#### INFORMATION SUPPLIED:

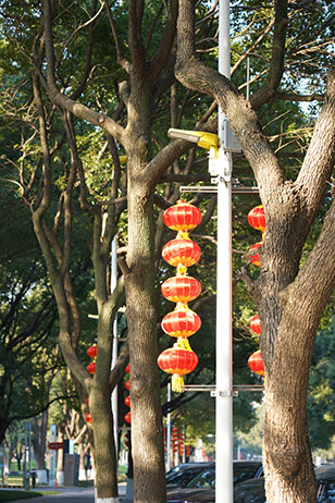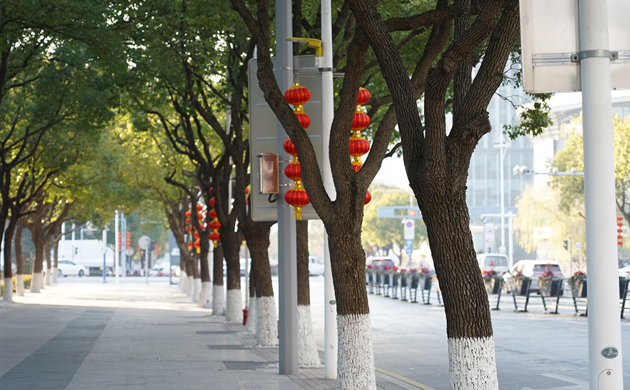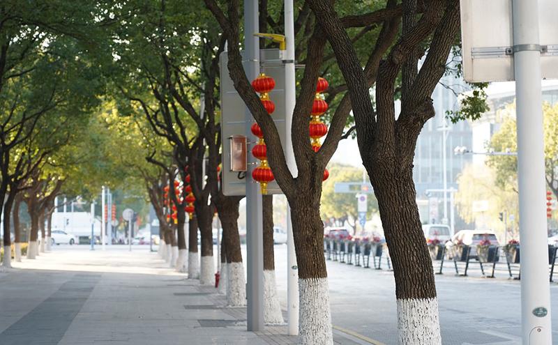 在蘇州大道、圓融環(huán)路等主干道旁,一盞盞大紅燈籠高高掛起,沐浴著冬日的暖陽,在微風(fēng)中輕輕搖曳,仿佛在向人們訴說著新年的故事。
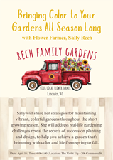 Join us at The Violet Fig with guest flower farmer, Sally Rech of Lancaster, Wisconsin. As a flower farmer in Wisconsin's brisk growing zone of 5a, Sally will share her strategies for maintaining vibrant, colorful gardens throughout the short growing season. She will address real-life gardening challenges and reveal the secrets of succession planting and design, helping you achieve a garden that's brimming with color and life from spring to fall. Sally's expertise and passion make her a valuable resource for anyone looking to enhance their gardening skills and create a beautiful, thriving garden.
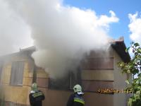 Teljes terjedelmében égett egy hatvan négyzetméteres ház egyik helyisége tegnap délben, Debrecenben és Mikepércs között, a Mészáros Gergely kertben. Az épület tetőszerkezetére is átterjedő tüzet a debreceni hivatásos tűzoltók három vízsugárral fojtották el, valamint két, egyenként tizenegy és fél kilogrammos gázpalackot is kihoztak az épületből. A palackokat hőhatás nem érte. Az eset során személyi sérülés nem történt.
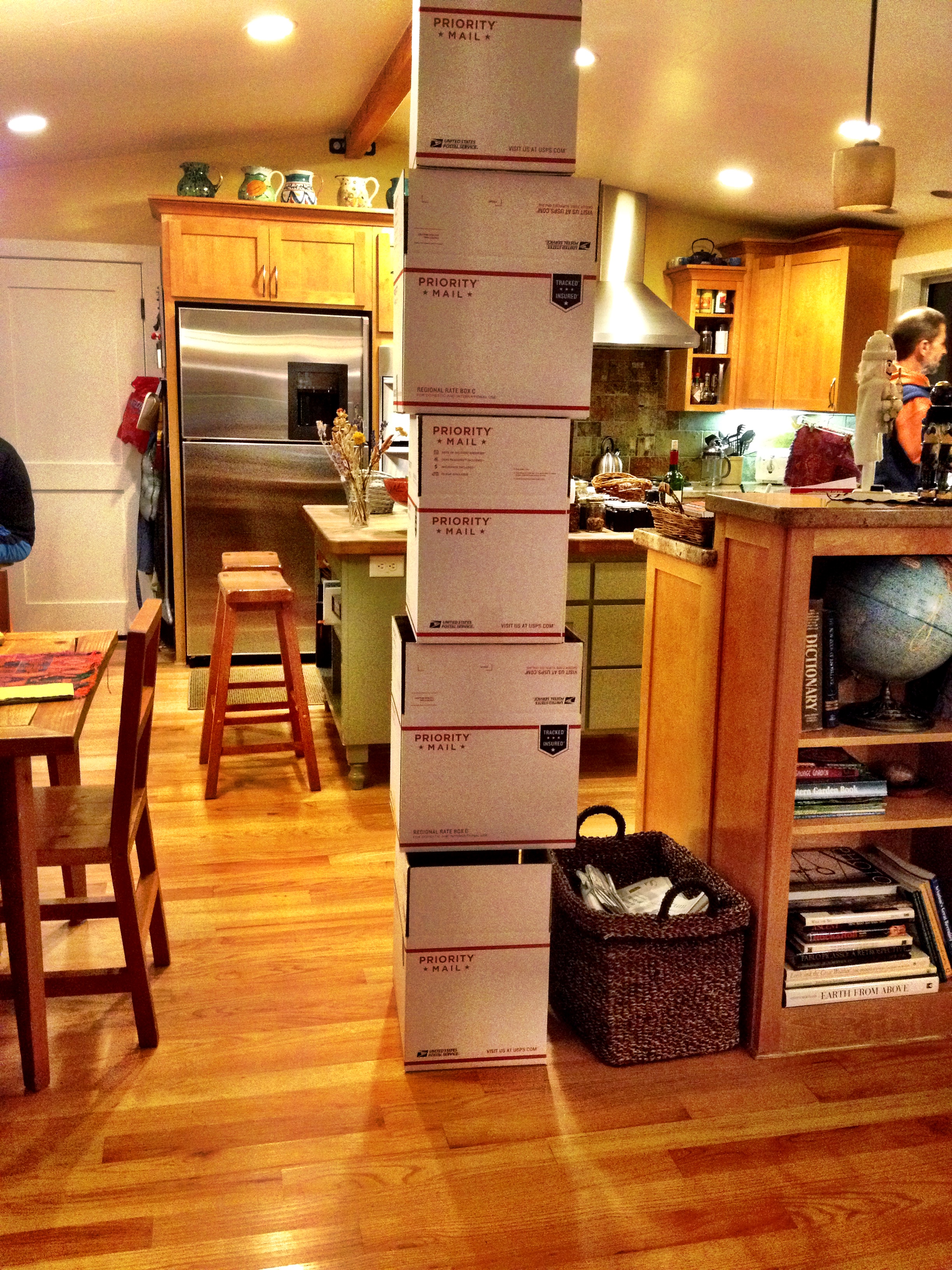 They got shipped to Idaho, Arizona, Montana, and Palos Verdes and we’ll hand carry one to Oakland. Jim does a great job of constructing the boxes, packing and weighing each package, and printing out the address labels and postage stickers. I’d wither at that set of tasks, so very glad to hand that off.

#### AIM OF THE TASK:
With pictures excluded, the data must be transcribed in full and to the letter.

#### SOLUTION TO THIS PROBLEM:
 在蘇州大道、圓融環(huán)路等主干道旁,一盞盞大紅燈籠高高掛起,沐浴著冬日的暖陽,在微風(fēng)中輕輕搖曳,仿佛在向人們訴說著新年的故事。
 Join us at The Violet Fig with guest flower farmer, Sally Rech of Lancaster, Wisconsin. As a flower farmer in Wisconsin's brisk growing zone of 5a, Sally will share her strategies for maintaining vibrant, colorful gardens throughout the short growing season. She will address real-life gardening challenges and reveal the secrets of succession planting and design, helping you achieve a garden that's brimming with color and life from spring to fall. Sally's expertise and passion make her a valuable resource for anyone looking to enhance their gardening skills and create a beautiful, thriving garden.
 Teljes terjedelmében égett egy hatvan négyzetméteres ház egyik helyisége tegnap délben, Debrecenben és Mikepércs között, a Mészáros Gergely kertben. Az épület tetőszerkezetére is átterjedő tüzet a debreceni hivatásos tűzoltók három vízsugárral fojtották el, valamint két, egyenként tizenegy és fél kilogrammos gázpalackot is kihoztak az épületből. A palackokat hőhatás nem érte. Az eset során személyi sérülés nem történt.
 They got shipped to Idaho, Arizona, Montana, and Palos Verdes and we’ll hand carry one to Oakland. Jim does a great job of constructing the boxes, packing and weighing each package, and printing out the address labels and postage stickers. I’d wither at that set of tasks, so very glad to hand that off.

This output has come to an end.